• WORK ORDER: The lines from the one holding "7269 - حَدثنا" through the end of the records below are to be written out exactly, and nothing else; pictures are to be left out.

Source records
---
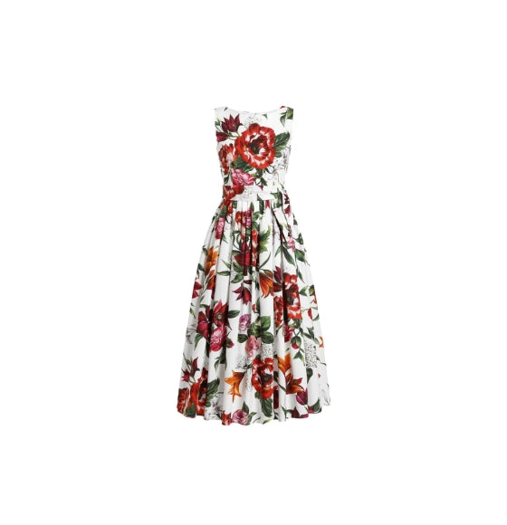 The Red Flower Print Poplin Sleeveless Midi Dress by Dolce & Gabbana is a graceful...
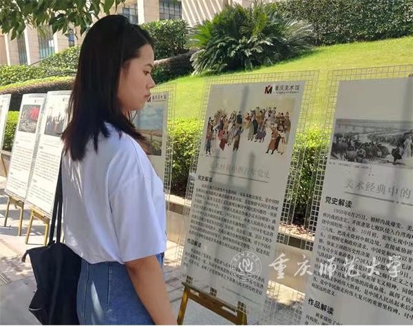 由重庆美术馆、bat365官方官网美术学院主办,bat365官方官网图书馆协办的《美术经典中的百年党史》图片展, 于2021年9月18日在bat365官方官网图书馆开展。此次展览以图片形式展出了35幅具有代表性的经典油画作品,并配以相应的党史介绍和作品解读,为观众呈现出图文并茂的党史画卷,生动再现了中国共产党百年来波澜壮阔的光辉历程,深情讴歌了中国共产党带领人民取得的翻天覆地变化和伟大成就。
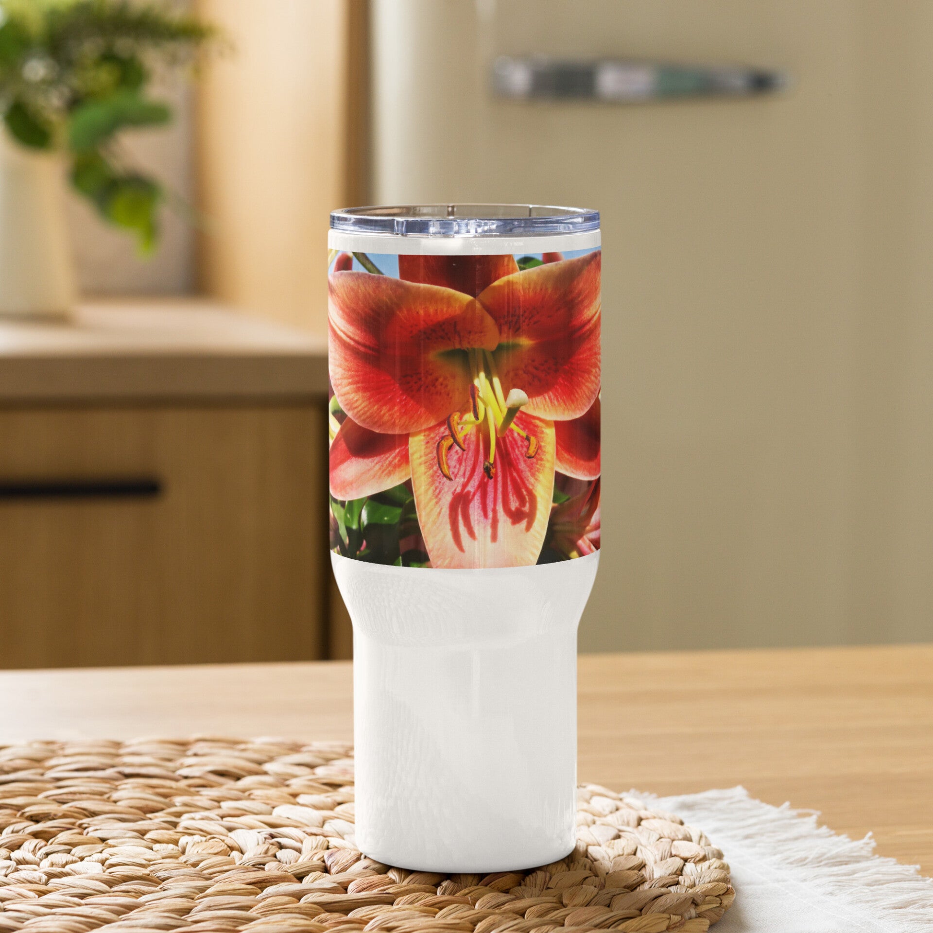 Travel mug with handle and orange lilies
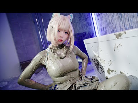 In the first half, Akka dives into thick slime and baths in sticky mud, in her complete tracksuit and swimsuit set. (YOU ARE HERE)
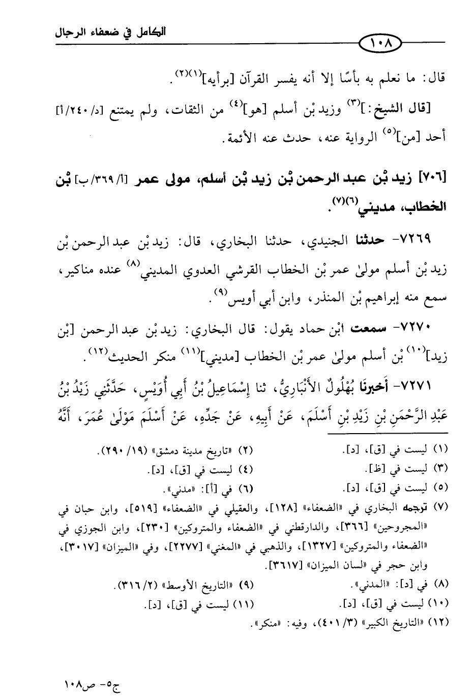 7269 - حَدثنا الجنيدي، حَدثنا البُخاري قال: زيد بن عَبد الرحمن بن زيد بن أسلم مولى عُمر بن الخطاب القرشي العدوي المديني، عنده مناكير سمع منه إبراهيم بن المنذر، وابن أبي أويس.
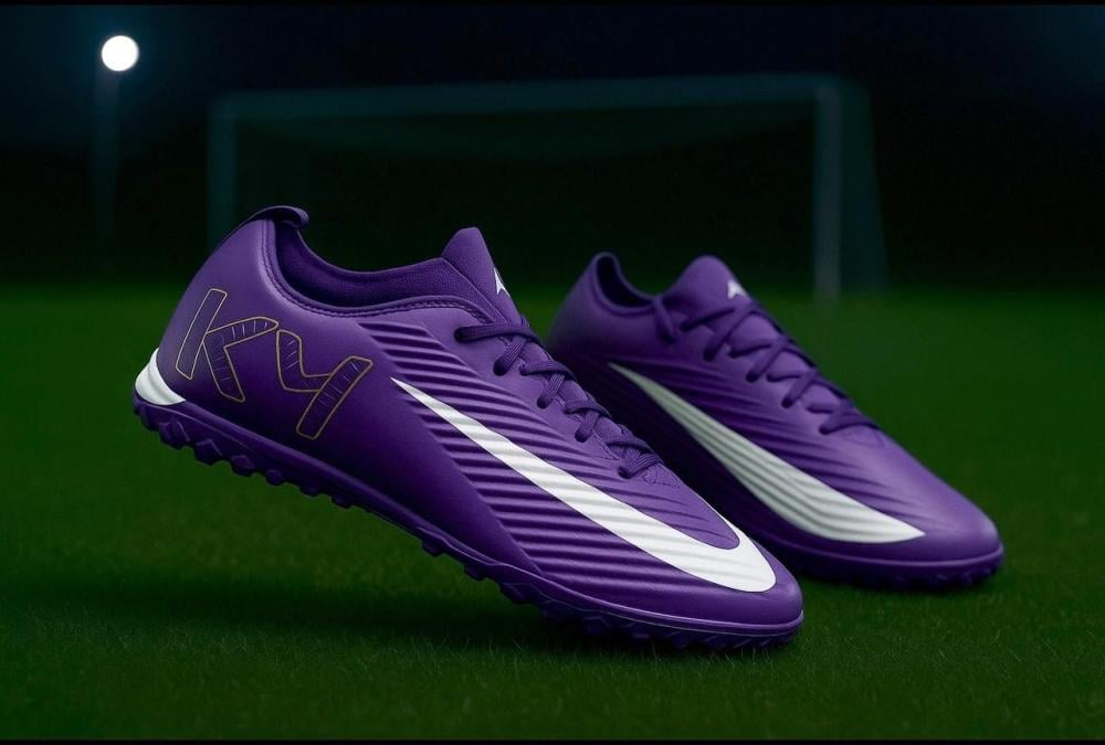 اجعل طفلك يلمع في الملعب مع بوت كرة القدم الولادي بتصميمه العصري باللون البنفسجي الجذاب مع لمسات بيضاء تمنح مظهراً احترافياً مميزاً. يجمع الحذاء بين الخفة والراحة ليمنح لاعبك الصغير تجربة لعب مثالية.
---
• TASK SOLUTION:
 7269 - حَدثنا الجنيدي، حَدثنا البُخاري قال: زيد بن عَبد الرحمن بن زيد بن أسلم مولى عُمر بن الخطاب القرشي العدوي المديني، عنده مناكير سمع منه إبراهيم بن المنذر، وابن أبي أويس.
 اجعل طفلك يلمع في الملعب مع بوت كرة القدم الولادي بتصميمه العصري باللون البنفسجي الجذاب مع لمسات بيضاء تمنح مظهراً احترافياً مميزاً. يجمع الحذاء بين الخفة والراحة ليمنح لاعبك الصغير تجربة لعب مثالية.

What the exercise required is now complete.